What to do: All pictures must be left out as you transcribe the lines from the first line of the data to the line containing "Bước 3: Tại", both included.

Source data:
Segment Open
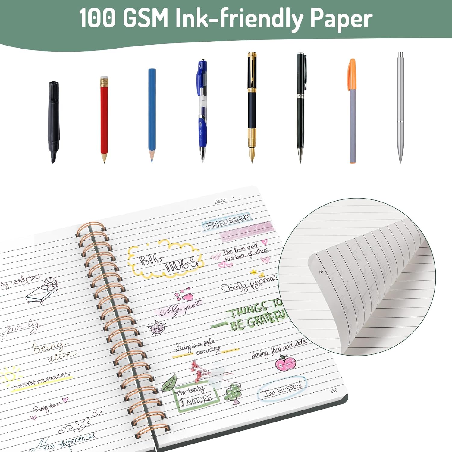 - 100 GSM Ink-friendly Paper: the pages are very thick which avoid ink bleeding through, ghosting. Suitable for most pen types, such as ballpoint pens, fountain pens, gel pens and so on. Allowing you to write on both sides of every page to maximize your usable space.
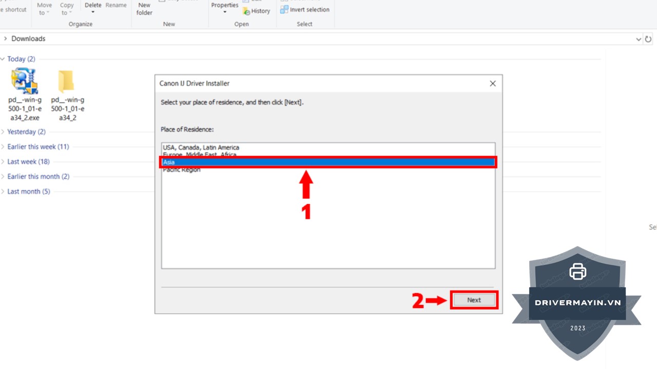Bước 3: Tại phần lựa chọn khu vực, bạn chọn Asia, sau đó nhấn Next nhằm đảm bảo driver tương thích tốt nhất với khu vực sử dụng.
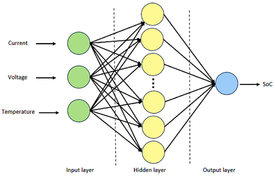 | Feedforward Neural Network (FNN) | 2–4 | Supervised Learning | Voltage, Current, Temperature | Backpropagation | Root Mean Square Error (RMSE), Mean Absolute Error (MAE), Coefficient of Determination | [142,143] |
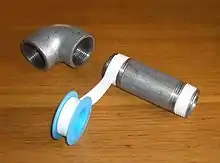 - (Plomberie) Bande en Teflon utilisée pour rendre étanche un raccord par filetage.
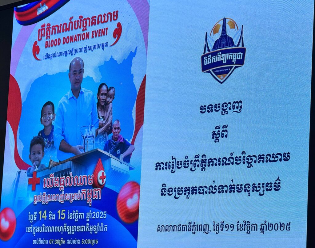 ព្រឹត្តិការណ៍បរិច្ចាគឈាមនេះ រៀបចំឡើងដោយក្រុមការងារពិធីករកីឡាកម្ពុជា សហការជាមួយក្រសួងសុខាភិបាល មជ្ឈមណ្ឌលជាតិផ្តល់ឈាម កាកបាទក្រហមកម្ពុជា សហភាពសហព័ន្ធយុវជនកម្ពុជា រដ្ឋបាលរាជធានីភ្នំពេញ និងក្រុមហ៊ុន Idea Factory ក្រោមមូលបទ«យើងផ្តល់ឈាម ផ្តល់ក្តីស្រឡាញ់សម្រាប់កម្ពុជា» ក្រោមការចង្អុលបង្ហាញណែនាំ និងគាំទ្រដ៏ខ្ពង់ខ្ពស់ពីសម្តេចអគ្គមហាសេនាបតីតេជោ ហ៊ុន សែន ប្រធានព្រឹទ្ធសភា នៃព្រះរាជាណាចក្រកម្ពុជា ក្នុងគោលបំណងក្នុងការលើកកម្ពស់ការយល់ដឹងអំពីការថែទាំសុខភាព និងអត្ថប្រយោជន៍នៃការបរិច្ចាគឈាម ព្រមទាំងជំរុញការផ្សព្វផ្សាយការបរិច្ចាគឈាមឲ្យបានជាង៣០០០ប្លោក ដើម្បីបំពេញតម្រូវការនៃការប្រើប្រាស់ឈាមក្នុងវិស័យសុខាភិបាល និងដល់សហគមន៍មូលដ្ឋានផងដែរ។ សូមជម្រាបជូនសាធារណៈជនឲ្យបានដឹងថា ព្រឹត្តិការណ៍បរិច្ចាគឈាម នឹងប្រព្រឹត្តទៅនៅថ្ងៃទី១៤-១៥ ខែវិច្ឆិកា ឆ្នាំ២០២៥ ខាងមុខនេះ។ ក្រៅពីនេះក៏មានការប្រកួតបាល់ទាត់មិត្តភាពនៅពេលរសៀល ថ្ងៃទី១៥ ខែវិច្ឆិកា ឆ្នាំ២០២៥៕
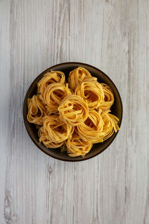 Homemade Organic Dry Tagliatelle Pasta in a Bowl, top view. Flat lay, overhead, from above.
Segment Closed
Answer space:
 - 100 GSM Ink-friendly Paper: the pages are very thick which avoid ink bleeding through, ghosting. Suitable for most pen types, such as ballpoint pens, fountain pens, gel pens and so on. Allowing you to write on both sides of every page to maximize your usable space.
Bước 3: Tại phần lựa chọn khu vực, bạn chọn Asia, sau đó nhấn Next nhằm đảm bảo driver tương thích tốt nhất với khu vực sử dụng.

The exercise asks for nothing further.